_REQUIRED WORK_
Please restate every record below word for word and skip the pictures.

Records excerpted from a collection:
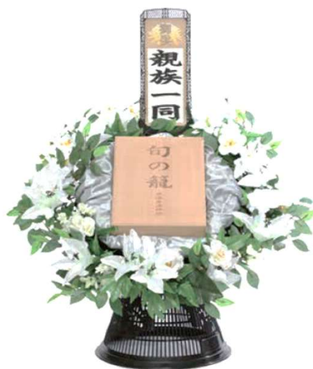
(選べる全国から取り寄せの品のカタログギフト付き) 一基 11,000円 (税込) 送料無料
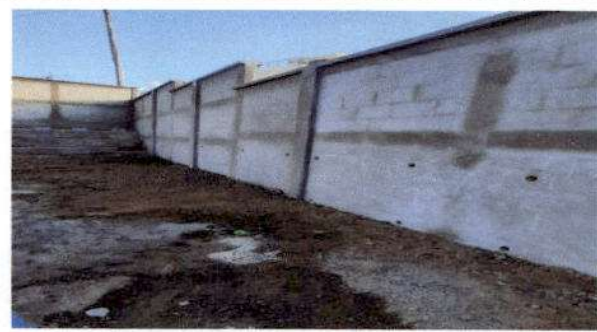
Foto 4: Sustitución de muro perimetral de block con cemento, columnas y soleras intermedias
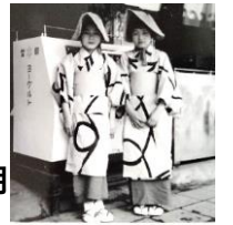
幼いころの写真(左)

下町野毛育ちの浜つ子。野毛坂を上がれば図書館、動物園、遊園地と憩いの場が沢山。家の周りは商店街、映画館5軒。春港祭り、夏神輿、正月獅子舞など、 活気に溢れた町 でした
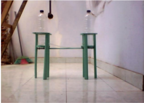
Gambar 3 : Alat Peraga Aliran Air

(d) alat peraga pembangkit listrik sederhana tenaga angin. Alat ini terbuat dari kayu dan plastik serta dinamo kecil sebagai pembangkit listriknya. Alat ini mampu memberikan contoh nyata kepada peserta didik tentang bagaimana listrik dihasilkan dan di alirkan ke rumah-rumah,
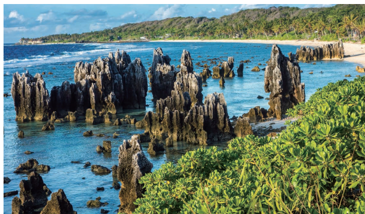
被海水侵蚀的奇 形怪状的岩石
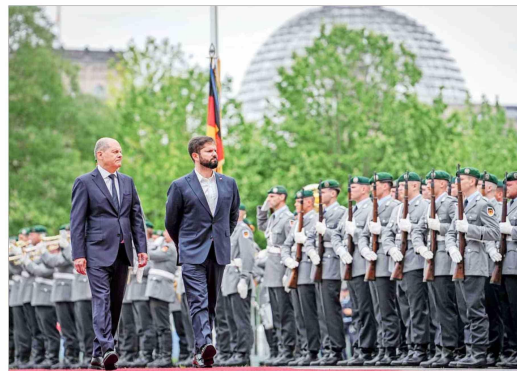
El Canciller alemán, Olaf Scholz , no pudo ocultar su desazón por los magros resultados electorales que obtuvo el fin de semana su partido, durante las actividades oficiales que compartió con el mandatario chileno. En la imagen, ambos pasaron revista a la guardia de honor en Berlín. | C 1

Bolsas europeas y moneda única registran una baja moderada tras triunfo de la derecha en el Parlamento Europeo | B 5
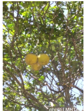
pamplemoussier - chadèk

_EXPECTED OUTPUT_
(選べる全国から取り寄せの品のカタログギフト付き) 一基 11,000円 (税込) 送料無料
Foto 4: Sustitución de muro perimetral de block con cemento, columnas y soleras intermedias
幼いころの写真(左)

下町野毛育ちの浜つ子。野毛坂を上がれば図書館、動物園、遊園地と憩いの場が沢山。家の周りは商店街、映画館5軒。春港祭り、夏神輿、正月獅子舞など、 活気に溢れた町 でした
Gambar 3 : Alat Peraga Aliran Air

(d) alat peraga pembangkit listrik sederhana tenaga angin. Alat ini terbuat dari kayu dan plastik serta dinamo kecil sebagai pembangkit listriknya. Alat ini mampu memberikan contoh nyata kepada peserta didik tentang bagaimana listrik dihasilkan dan di alirkan ke rumah-rumah,
被海水侵蚀的奇 形怪状的岩石
El Canciller alemán, Olaf Scholz , no pudo ocultar su desazón por los magros resultados electorales que obtuvo el fin de semana su partido, durante las actividades oficiales que compartió con el mandatario chileno. En la imagen, ambos pasaron revista a la guardia de honor en Berlín. | C 1

Bolsas europeas y moneda única registran una baja moderada tras triunfo de la derecha en el Parlamento Europeo | B 5
pamplemoussier - chadèk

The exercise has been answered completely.